Dito de outro modo, o empregado assalariado, à diferença do capitalista, pode consumir 100% de suas receitas, não tem de dedicar nada do seu tempo para avaliar os acertos ou os erros de seus empreendimentos, e, em caso de falência do empreendimento em que trabalha, perde seu emprego mas não perde seu patrimônio.
Apenas imagine o que aconteceria se, a cada vez que uma empresa quebrasse, seus empregados também perdessem o dinheiro em sua conta bancária e até mesmo tivessem penhorados seu imóveis totalmente quitados? É exatamente isso o que pode acontecer a um capitalista.
Evidentemente, a função econômica desempenhada pelo capitalista é custosa e valorosa: é custoso e valoroso que seja ele quem restringe seu consumo para financiar uma atividade, que sela ele quem dedica seu tempo e esforço para avaliar projetos empreendedoriais, que seja ele quem concentra os riscos dos investimentos.
Os capitalistas adiantam bens presentes (salários) aos trabalhadores em troca de receber, somente quando o processo de produção estiver finalizado, bens futuros. Existe necessariamente uma diferença de valor entre os bens presentes dos quais os capitalistas abrem mão (seu capital investido na forma de salários e maquinário) e os bens futuros que eles receberão (se é que receberão).
Os capitalistas, ao adiantarem seu capital e sua poupança para todos os seus fatores de produção (pagando os salários da mão-de-obra e comprando maquinário), esperam ser remunerados pelo tempo de espera, pela postergação do seu consumo, pela seleção do projeto de investimento e pelo risco assumido. Por outro lado, os trabalhadores, ao receberem seu salário no presente, estão trocando a incerteza do futuro pelo conforto da certeza do presente.
Ao contrário do que alegam os marxistas, o fato de o trabalhador não receber o “valor total” da produção futura nada tem a ver com exploração; simplesmente reflete o fato de que é impossível o homem trocar bens futuros por bens presentes sem que haja um desconto. O pagamento salarial representa bens presentes, ao passo que os serviços de sua mão-de-obra representam apenas bens futuros.
A relação trabalhista é apenas uma relação de troca entre bens presentes (o capital e a poupança do capitalista) por bens futuros (bens que serão produzidos pelos trabalhadores e pelo maquinário utilizado, mas que só estarão disponíveis no futuro).
Se essas atividades — postergação do consumo, seleção criativa de projetos de investimento e uso arriscado do patrimônio — não tivessem valor e o capitalista não pudesse “cobrar” por elas, simplesmente não haveria atividade econômica, não haveria produção e não haveria enriquecimento da sociedade.
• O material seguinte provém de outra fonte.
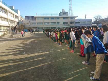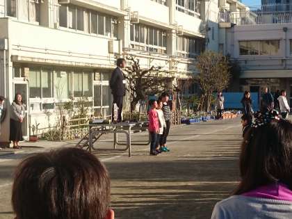 今朝は、晴れましたが寒さが増していました。6年生のあいさつで朝会が始まりました。(1月19日)
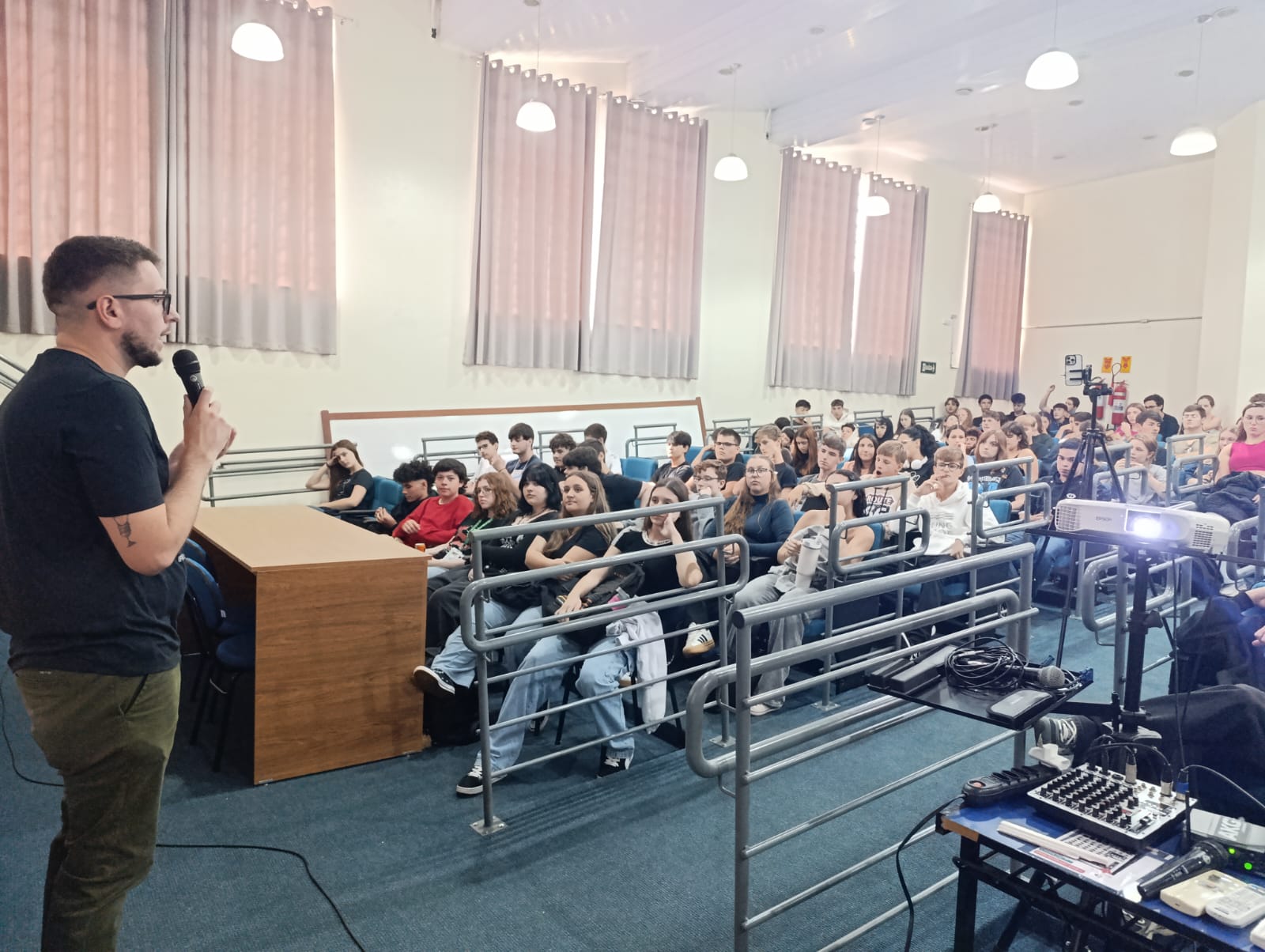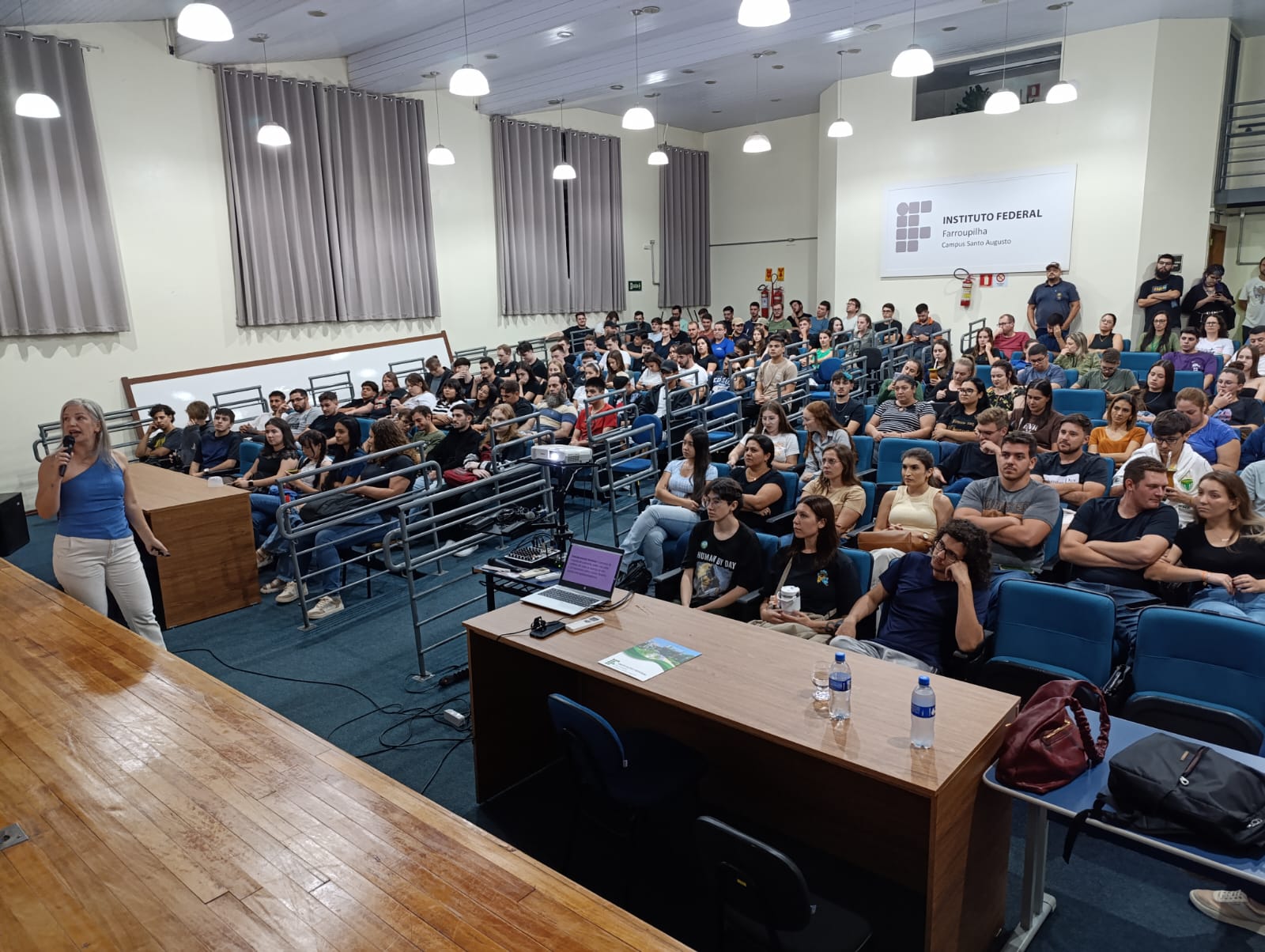 À noite, às 19h, Grazi ministrou a palestra para os acadêmicos dos cursos superiores de Licenciatura em Computação e Licenciatura em Ciências Biológicas e para as turmas de 5º semestre de Administração, Agronomia, Tecnologia em Alimentos e Gestão do Agronegócio.
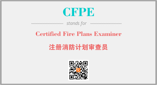 上述内容是“Certified Fire Plans Examiner”作为“CFPE”的缩写,解释为“注册消防计划审查员”时的信息,以及英文缩略词CFPE所代表的英文单词,其对应的中文拼音、详细解释以及在英文中的流行度和相关分类、应用领域及应用示例等。
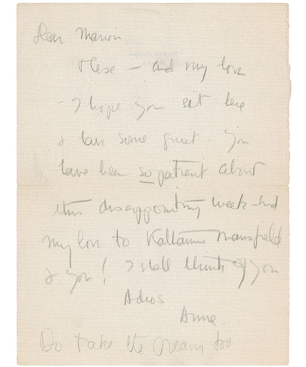 ALS in pencil, signed “Anne,” one page, 6 x 8, North Haven letterhead, no date but postmarked July 7, 1933. Letter to her college roommate Marion Reagan. In part: “These—and my love—I hope you get here & have some quiet. You have been so patient about this disappointing weekend,” and a postscript stating “Do take the cream too.” Partial separations along horizontal mailing fold, and some scattered light creasing and toning, otherwise fine condition. Accompanied by the original mailing envelope. The importance of this letter is that it was written two days before Charles and Anne left for the Atlantic Survey, a trip which lasted until December 19, 1933. Interesting to note how calm and collected Anne was with this dangerous trip on the horizon, even taking the time to write her best friend the letter offered here.
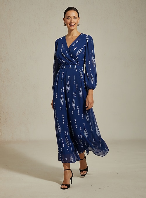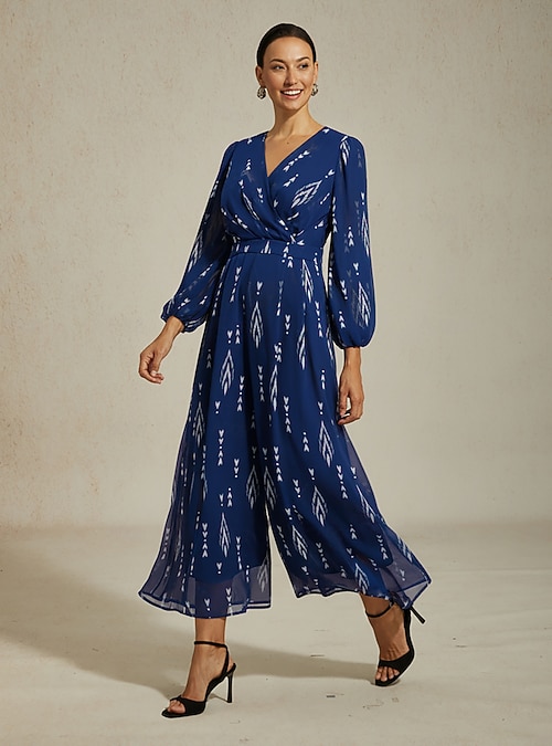 Printed Chiffon V Neck Wide Leg Jumpsuit
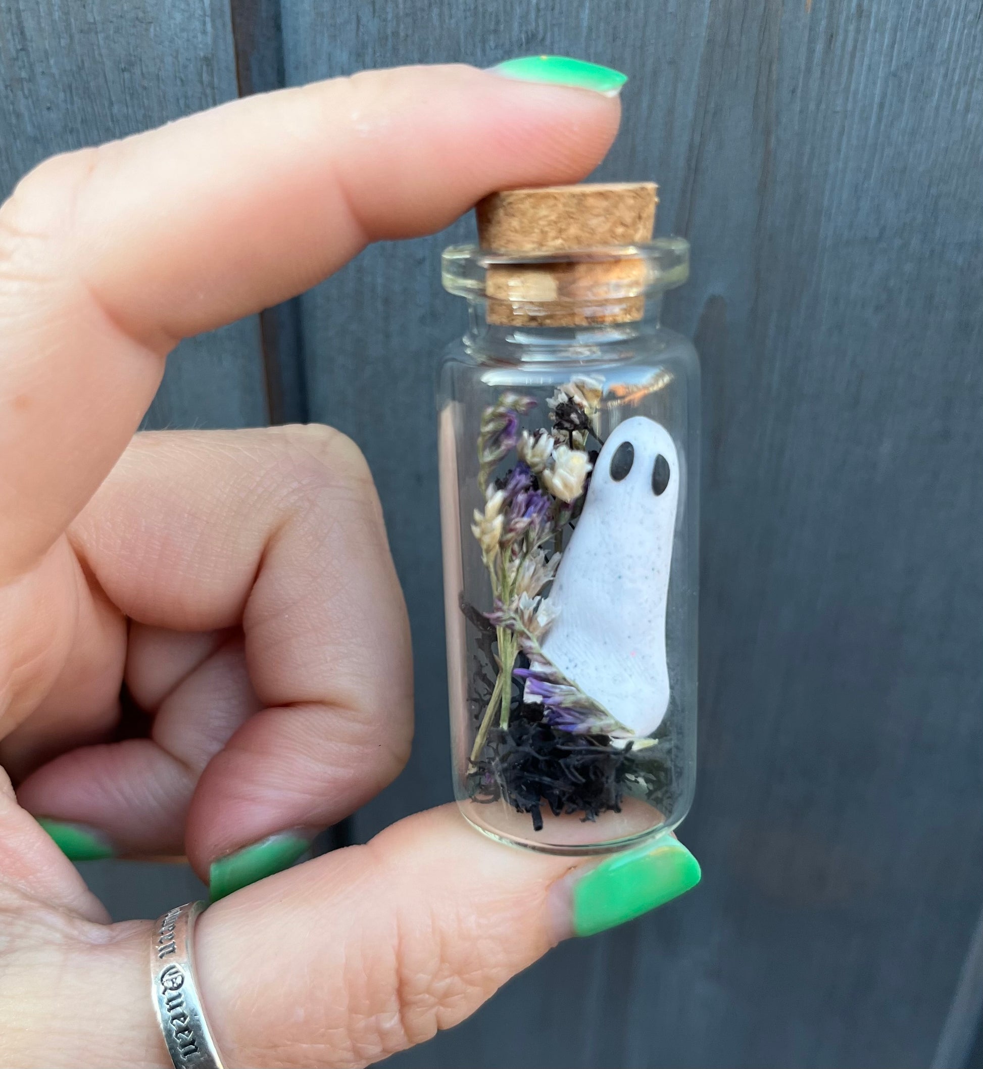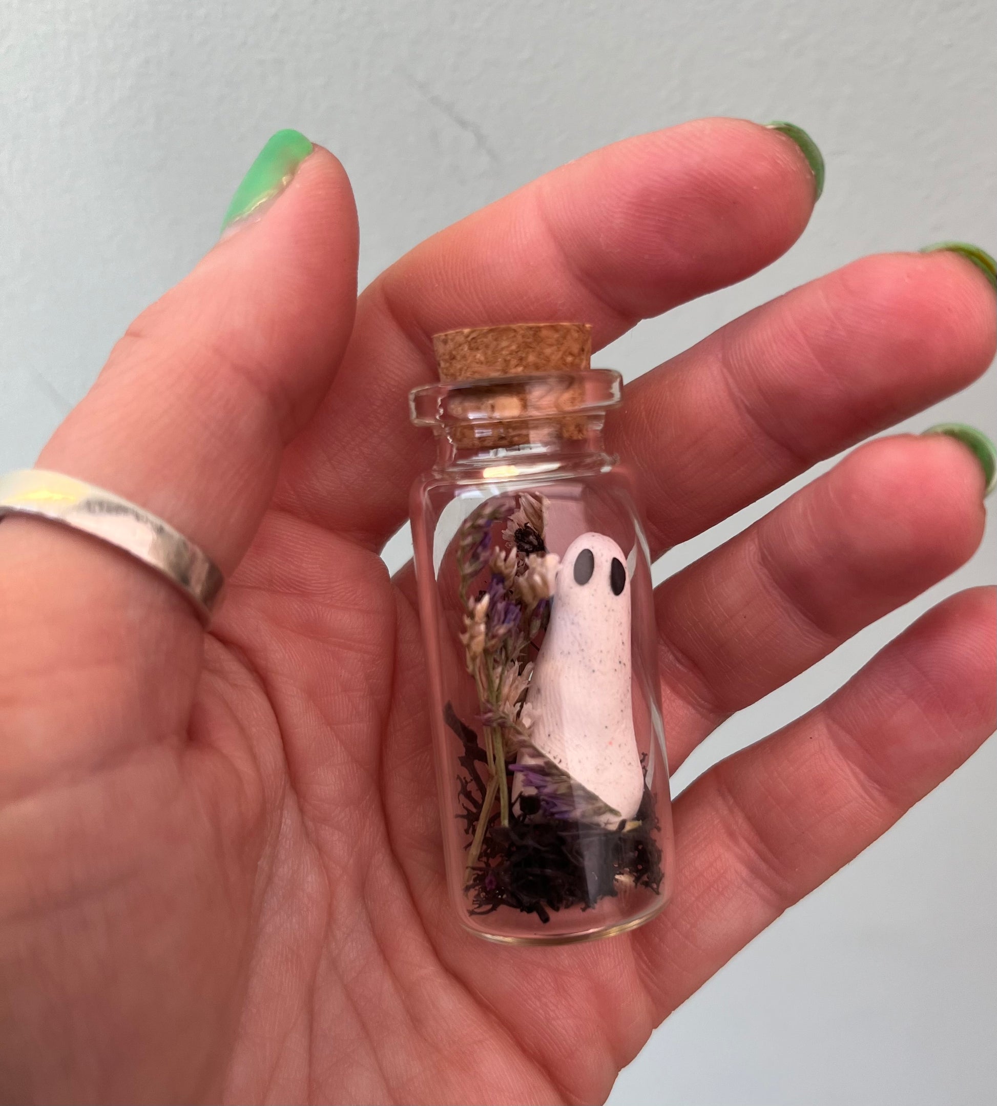 A tiny glass jar filled with dried flowers and your very own pet ghost made of clay.
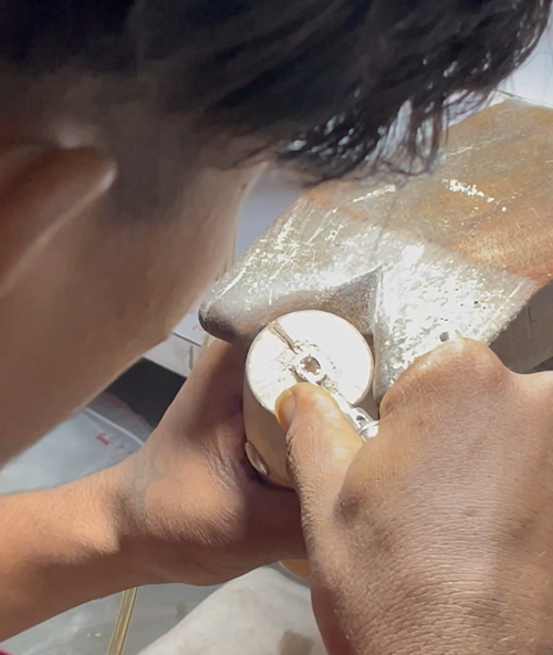 特に私たちがこだわっているベゼルセッティング(覆輪留め)は爪を倒して留める爪留めと違い、石を枠に挟み込むので石が割れるリスクが高く、
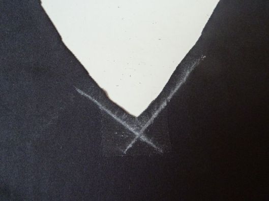 Comme précédemment, on vient marquer à la craie les valeurs de couture et ça forme donc une croix :
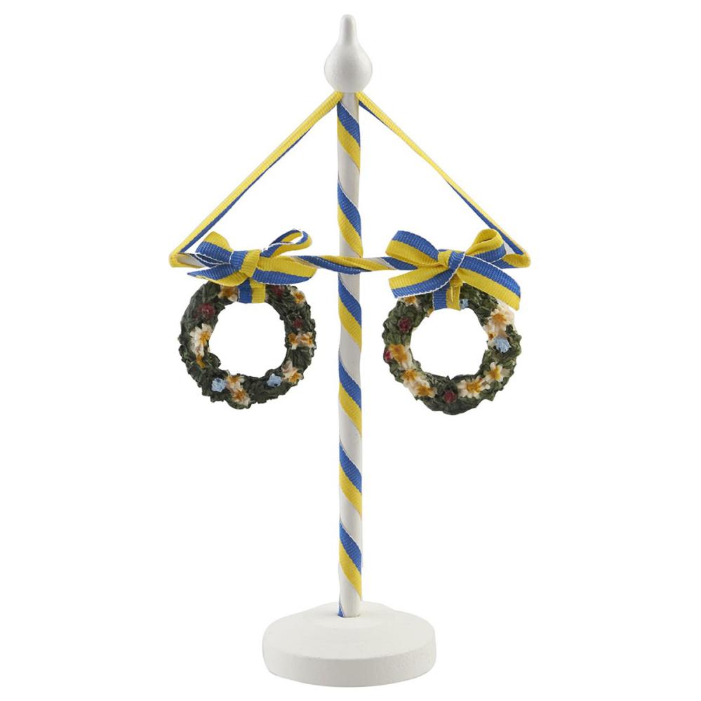 Majstang Tre 25 cm omfatter en hvit majstang i miniatyr av tre med rund fot, dekorert med tekstilbånd i blått og gult og to hengende blomsterkranser.
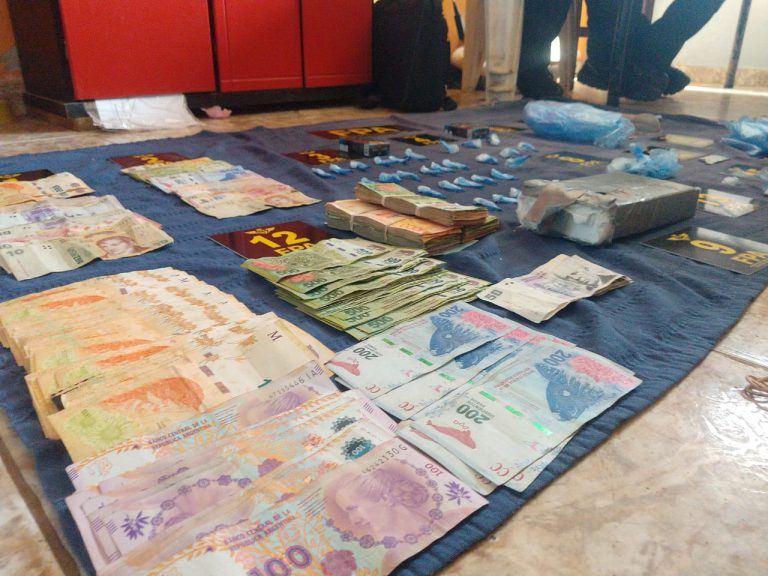 En el lugar fueron detenidos un hombre y una mujer de 61 y 35 años de edad y se incautaron varios envoltorios y un ladrillo que contenía 1,037 kilogramos de cocaína, 505.197 pesos, tres rodados (dos automóviles y un auto) y diferentes elementos presuntamente probatorios relacionados al fraccionamiento y comercialización de las sustancias.
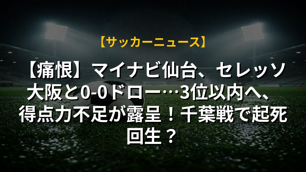 マイナビ仙台は、ホームでセレッソ大阪と0-0の引き分けに終わり、3位以内への道が険しくなりました。攻撃陣は決定力に欠き、特に矢形選手はチャンスを活かせなかったことを課題としています。しかし、4試合連続無失点と守備は堅調で、須永監督は戦力不足を成長の機会と捉えています。
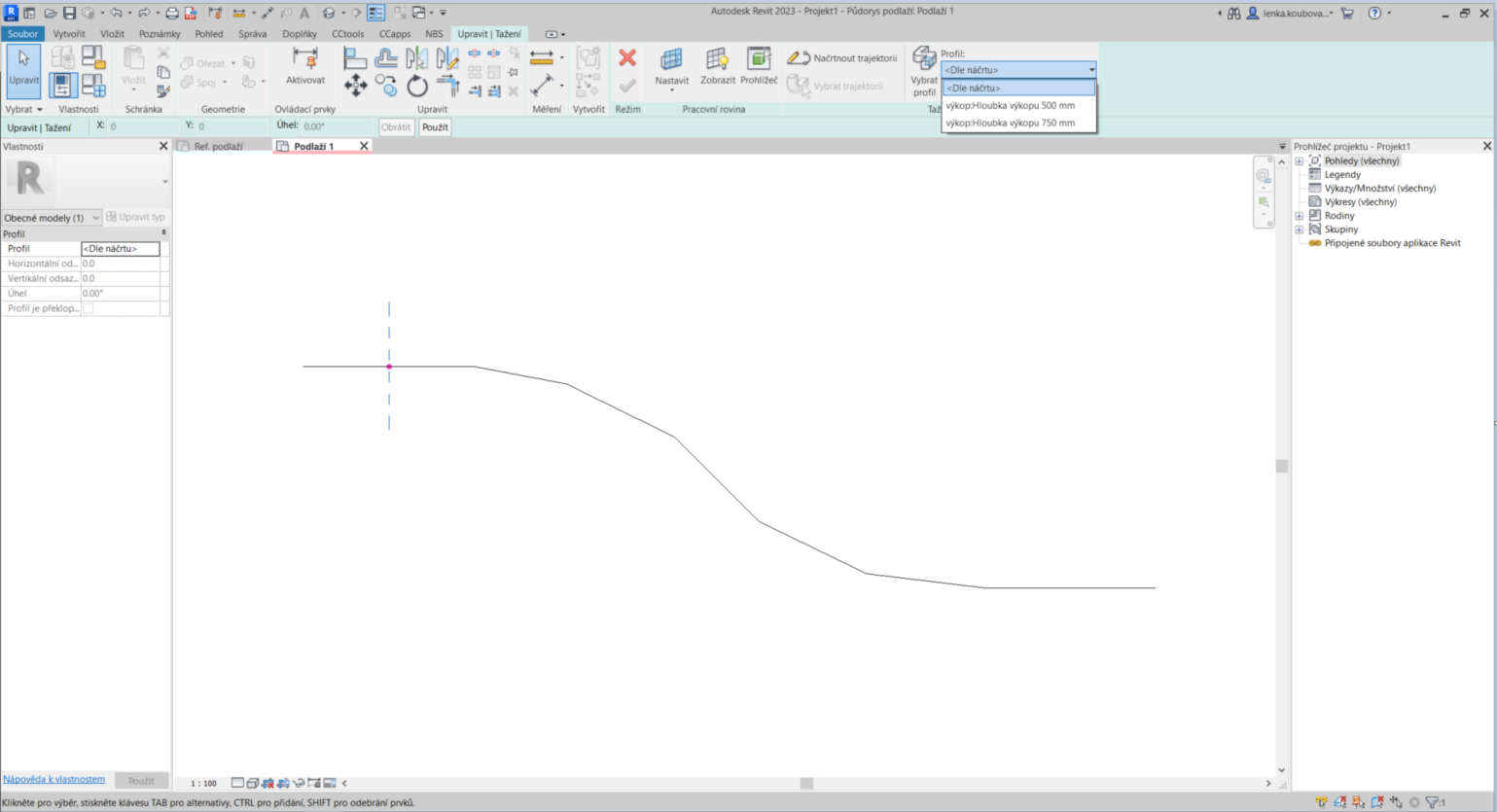 Po vytvoření tažení může přijít požadavek na změnu, v tomto případě, hloubky výkopu na hodnotu, kterou nemáme v profilu nadefinovanou z jeho tvorby. Jednou možností je otevřít si samotný profil a dané hodnoty dodefinovat stejným způsobem, jak již byl popsán výš. Máme ale i druhou možnost dodělání nových typů, a to přímo v projektu.

E é essa remuneração que o marxismo chama de “mais-valia”, fruto da exploração capitalista. O curioso, no entanto, é que se o capitalista fosse obrigado a prestar essas atividades valiosas, mas fosse proibido de cobrar por elas, então seria ele o explorado.
Se o encanamento da sua casa estraga, você pode ou contratar um encanador (que irá levar parta de suas receitas) ou consertar o encanamento você próprio (mantendo assim a totalidade das suas receitas). Igualmente, para fazer frente às condições, aos riscos e às dificuldades de uma economia caracterizada pela divisão do trabalho, podemos ou nos deixar “explorar” por capitalistas ou nos converter em “autônomos auto-explorados”. Mas o que não podemos fazer é contratar um encanador e não lhe pagar nada, tornando-nos assim “autônomos heteroexploradores”. E é exatamente isso o que implicitamente defendem os muitos críticos da exploração capitalista.